**EXERCISE REQUIREMENTS:** Starting at the first line of the data, please print exactly those lines through the one that holds "BOLAFFIARTE è stata", omitting every picture.

**RECORDS FOR THIS EXERCISE:**

--- START ---

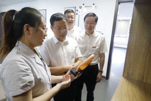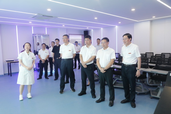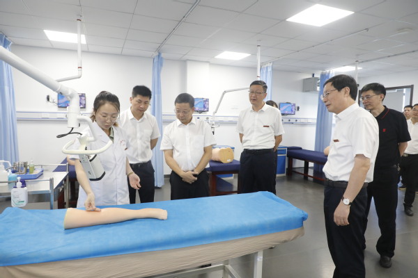 方健忠、张朝雄一行与我校教师代表杨明华、吴宇方亲切交谈,并实地走访了我校桌面式VR教学实训室、VR交互大屏教学实训室、虚拟仿真准备室、居家养老实训室、针灸推拿智慧实训室等教学场所,详细了解学校教学环境、师资队伍建设和学生基本情况等,高度肯定了我校锚定“双高”院校和职教本科建设奋斗目标,服务地方经济社会发展的办学理念和所取得的成绩。
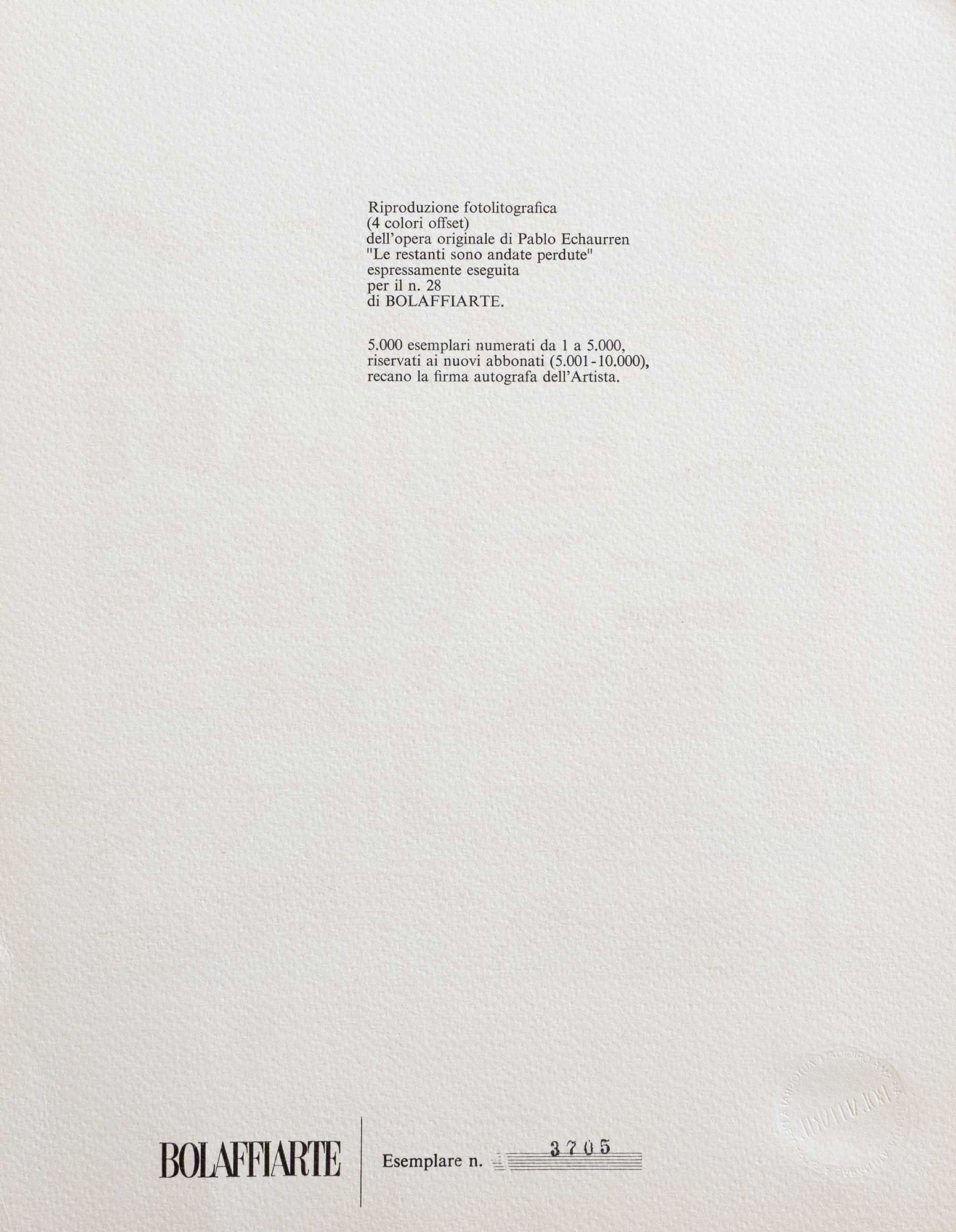 BOLAFFIARTE è stata una rivista di cultura voluta dagli editori Giorgio Bolaffi e Mondadori con lo scopo di fornire diverse informazioni ed approfondimenti su artisti italiani ed esteri. Con cadenza mensile, ogni numero proponeva visite agli atelier d'artista o collezioni pubbliche o ancora visite ai musei. La panoramica offerta da Giorgio Bolaffi includeva sia artisti affermati che emergenti. Spesso con l'acquisto della rivista il lettore trovava tavole sciolte in supplemento, come quelle che proponiamo noi in catalogo.
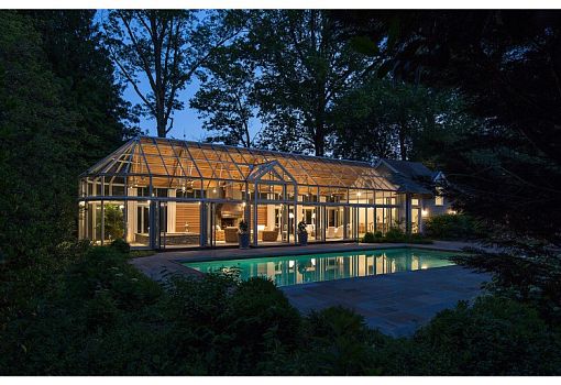 Больше всего дом Glass Pleasure Dome похож на заключенное в стекло общественное пространство, открытое любопытствующим взглядам. Стеклянная структура получилась в результате реконструкции павильона с бассейном. Проект осуществило бюро Barnes Vanze Architects. Практически полностью прозрачное сооружение стало всепогодным и всесезонным местом для отдыха для семейства. В темное время суток объект становится украшением внутреннего двора благодаря игре света, льющегося сквозь стеклянный фасад. Расположено строение в Мэриленде (США).
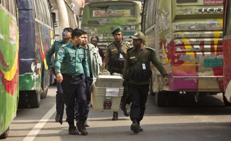 Bangladesh police chief Mohammad Javed Patwary said the nationwide polls are "progressing peacefully" and vowed to investigate the "isolated" incidents of violence. Over 600,000 security personnel including several thousand soldiers and paramilitary border guards have been deployed across the country to help conduct the election in which 10.41 crore people are eligible to vote. Security agencies have been asked to keep an extra vigil on religious minority communities as media reports said at least three Hindu households were set on fire by miscreants between December 16 and 26. According to the eyewitnesses, posters bearing the ruling party's "boat" symbol outnumbered those of the main opposition's "sheaf of paddy."
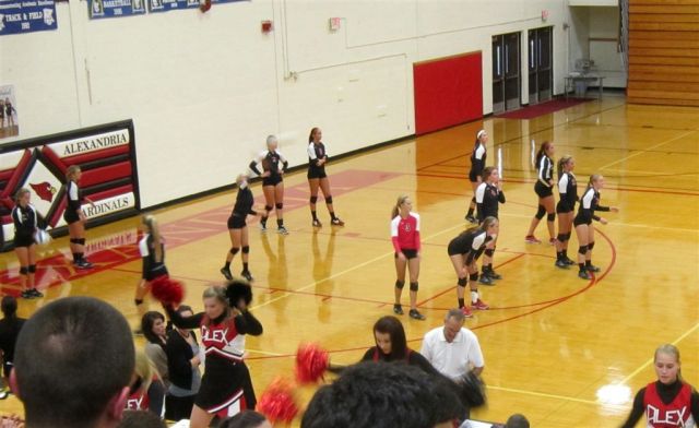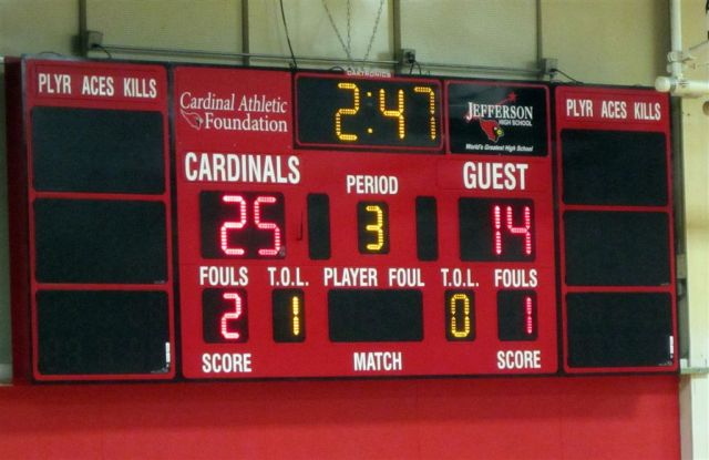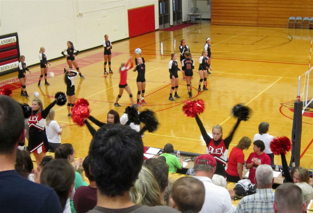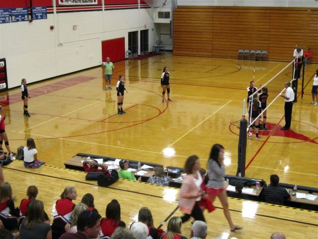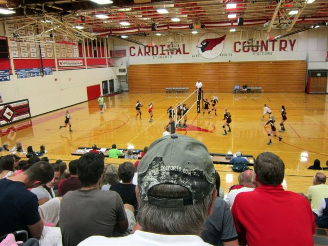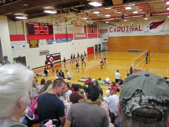 The Cards cruised through the next two games, winning 25-18 (not that close) and 25-14 – at that point we’re thinking the match should have been over because we should have won game 1. Then for game 4, the entire team “left” the court to go work on their history homework, or something? They were totally discombobulated throughout, and the final score, 15-25, was only made halfway “respectable” with a late run. So, it was on to game 5 – the deciding game which only goes to 15. At this point the senior citizens among us (Super Fans Barb and Roger Riley, behind me, and Ruth (Helie) and Alvern Anderson, in front) were starting to grumble about having to spend 2 1/2 hours sitting on hard wooden bleachers with no backs – raising, again, a hew and cry for a new high school!
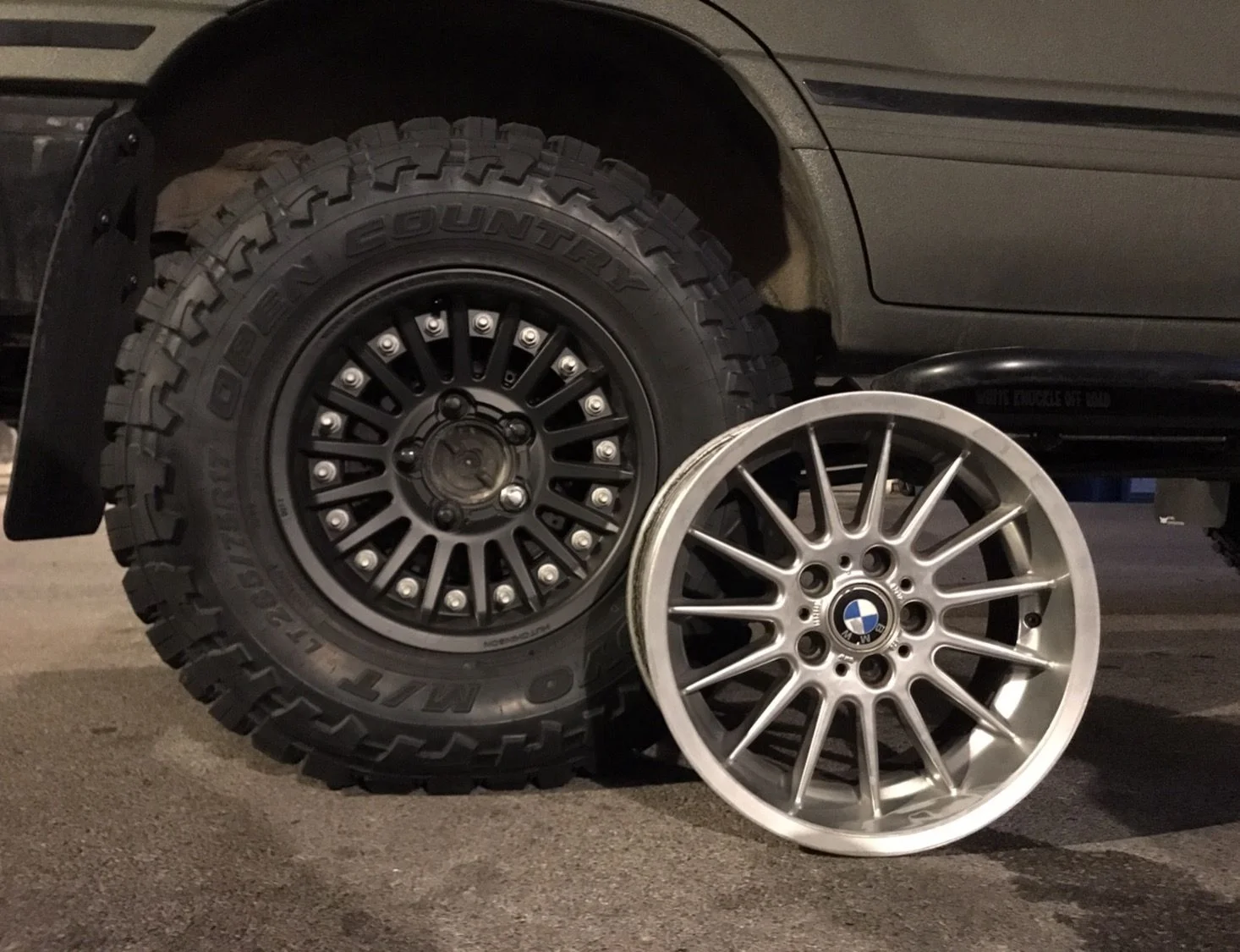 5x150 17x8.5 Hutchinson Rock Monster Dual Bead Lock wheels and 285/75R17 (34x11.5) Falken AT3W all terrain tires. This is for 6 wheels and 6 tires. They were on my 100 series with dual spares for almost 1 year. They do have a couple cosmetic scratches from wheeling over the last year. 2 of the wheels have a bad O-ring. I have gotten replacements for those. They will be included. The bolt pattern is 5x150. They do not include center caps. They use the center Caps from stock land cruiser wheels. I have matched the powder coat on these wheels and can provide a spray can of paint to match to use for your center caps. The Hutchinson Rock Monsters are the only DOT approved bead locks on the market. These should fit Sequoia, Tundra, Land Cruiser, Lexus LX470 & LX570. Located in Las Vegas. Will need a truck to pick up. Looking to get $2500.

--- END ---

**ANSWER TO THIS TASK:**
 方健忠、张朝雄一行与我校教师代表杨明华、吴宇方亲切交谈,并实地走访了我校桌面式VR教学实训室、VR交互大屏教学实训室、虚拟仿真准备室、居家养老实训室、针灸推拿智慧实训室等教学场所,详细了解学校教学环境、师资队伍建设和学生基本情况等,高度肯定了我校锚定“双高”院校和职教本科建设奋斗目标,服务地方经济社会发展的办学理念和所取得的成绩。
 BOLAFFIARTE è stata una rivista di cultura voluta dagli editori Giorgio Bolaffi e Mondadori con lo scopo di fornire diverse informazioni ed approfondimenti su artisti italiani ed esteri. Con cadenza mensile, ogni numero proponeva visite agli atelier d'artista o collezioni pubbliche o ancora visite ai musei. La panoramica offerta da Giorgio Bolaffi includeva sia artisti affermati che emergenti. Spesso con l'acquisto della rivista il lettore trovava tavole sciolte in supplemento, come quelle che proponiamo noi in catalogo.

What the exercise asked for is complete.